Raymond avait décidé de brûler des branchages entassés à l’entrée de son «coin à compost». C’était la fin du printemps et la bise soufflait fort. Pour aider le feu à partir, Raymond avait pris un bidon d’essence. Lorsqu’il en jeta un volume dans le feu, celui-ci bondit et pris dans ses habits. Pris au piège de ce brasier et de son corps trop vieux pour s’en arracher, il ne put rien faire.

Un paysan – qui se trouve être le maire de la commune – accompagné de ses deux petits-enfants, passa par là peu de temps après l’accident. Raymond était entièrement brûlé, sauf le visage. Il était toujours conscient et cela jusqu’à l’arrivée des secours en hélicoptère. Pendant les premiers soins, avant de l’embarquer vers l’hôpital pour grands brûlés de Lyon, l’un des secouristes demanda à Raymond s’il y avait des médicaments qu’il prenait en particulier. «Du bourgogne!» répondit-il.

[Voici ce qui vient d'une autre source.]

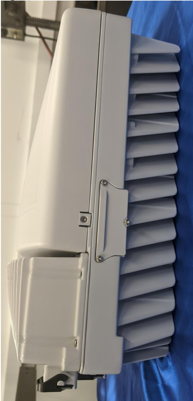
Right Side AWEWA/B (Base Unit)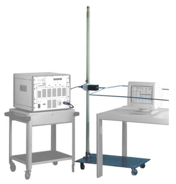
MSURGE 1mx1m antenna mounted on support stand shown with a monitor as EUT (right) and a PSURGE6 as impulse generator (left)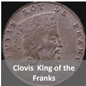
Clovis King of the Franks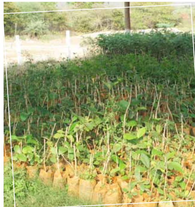
▲ A tree nursery established under the carbon project.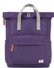
MAJESTIC PURPLE MEDIUM RECYCLED NYLON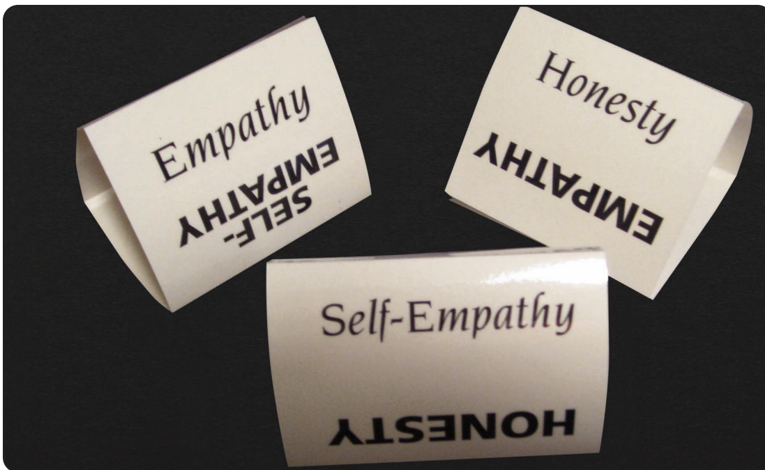
Three views of Tent Cards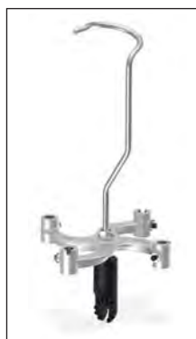
PP-4U Clamp dispenser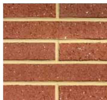
NEW YORK TAN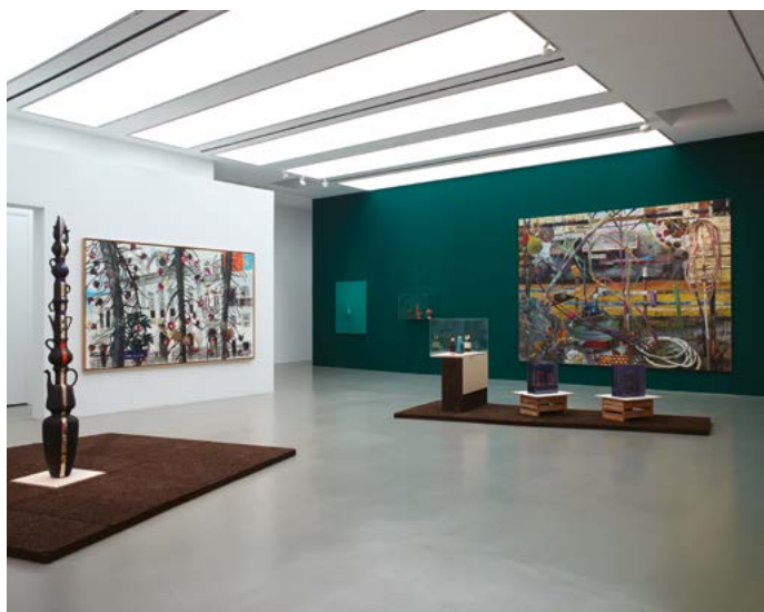
MO.CO. Hôtel des collections ← Exhibition Amazonia in the Pettigas Collection Exhibition from 6 March to 20 September 2020 Overview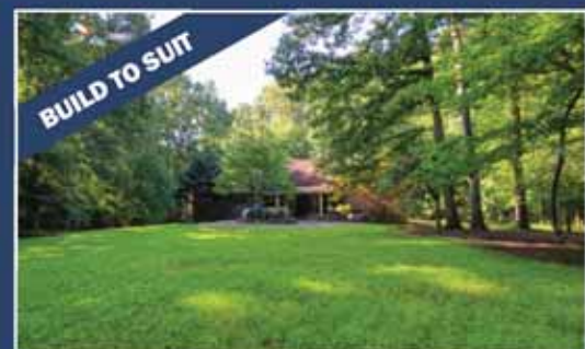
Great Falls $1,199,000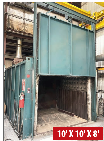
ADVANCED DESIGN CONCEPTS NATURAL GAS FURNACE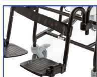
PL13581 Left Gooseneck Leg Rest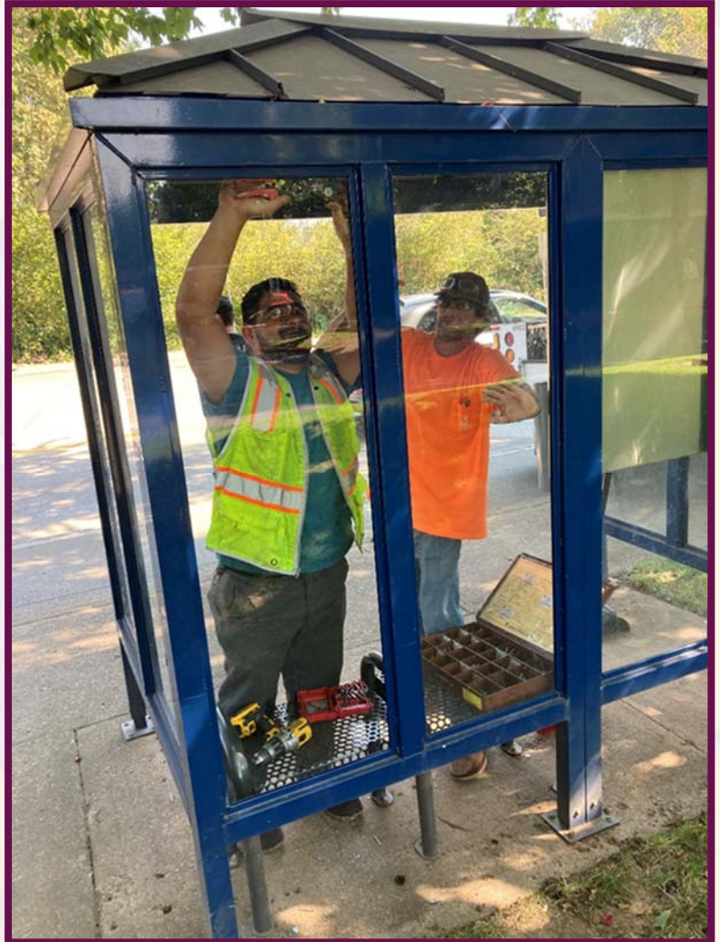
City of Wilsonville employees replace glass panel

Glass replacement work is handled in house, which allows for very prompt repairs.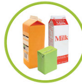
CARTONS & JUICE BOXES

Entouré de sa femme – qui bien des fois avait prévenu Raymond de ses imprudences – et de leur fille et de sa famille, il mourut deux jours plus tard à l’hôpital, des suites de ses blessures. L’histoire de cette mort tragique alimenta bien sûr, très rapidement et pendant plusieurs jours, les conversations dans tous les villages et hameaux de la commune. Et dans une moindre mesure, au delà aussi. Le Maire dut raconter de nombreuses fois comment il avait trouvé Raymond au bord du chemin. Chacun plaignait aussi les enfants accompagnant leur grand-père et qui avaient assisté à la terrible scène. La surprise et les premières émotions passées, tous s’accordaient à dire que cet accident était vraiment une connerie. Mais Raymond n’était ni un enfant inconscient, ni un vieillard sénile. Il cherchait sa liberté dans les marges laissées entre les hauts et les bas de la vie. À la suite d’une opération contre un cancer, où il dut se faire enlever une morceau de l’oreille, il dit à Sandra avec un sourire malin et tendre: «C’est bien, on partira par petits bouts!...»

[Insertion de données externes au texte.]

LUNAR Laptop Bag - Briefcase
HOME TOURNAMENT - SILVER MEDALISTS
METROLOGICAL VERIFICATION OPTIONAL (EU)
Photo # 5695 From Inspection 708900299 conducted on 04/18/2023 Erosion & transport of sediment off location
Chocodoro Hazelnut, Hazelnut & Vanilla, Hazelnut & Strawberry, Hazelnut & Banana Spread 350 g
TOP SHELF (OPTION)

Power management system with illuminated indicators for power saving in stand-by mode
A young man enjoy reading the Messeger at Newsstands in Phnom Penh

Une ou deux fois, pour donner un coup de main à Raymond, j’avais débroussaillé son «coin à compost». Il en était très reconnaissant et me donna du bois de chauffage qui ne lui servait plus. Il m’avait même dit que je pouvais couper le grand frêne qui se trouvait là, et l’exploiter à ma guise. Mon fils Vincent, quand il entendit ça, quelques mois avant la mort de Raymond, décida que cet arbre serait le sien et qu’on ne le couperait pas. Je le blaguais alors en lui disant que j’allais venir avec la tronçonneuse dès le lendemain! Mais maintenant c’est différent. Quand on passe à coté du « coin à compost », on ne regarde plus de la même façon. La rose trémière qui y pousse nous rappelle les fleurs qui, partout et toujours, ont aidé les vivants à célébrer les morts. L’arbre ne nous dit plus la même chose. J’aimerai proposer à Vincent de graver un signe pour Raymond sur le tronc.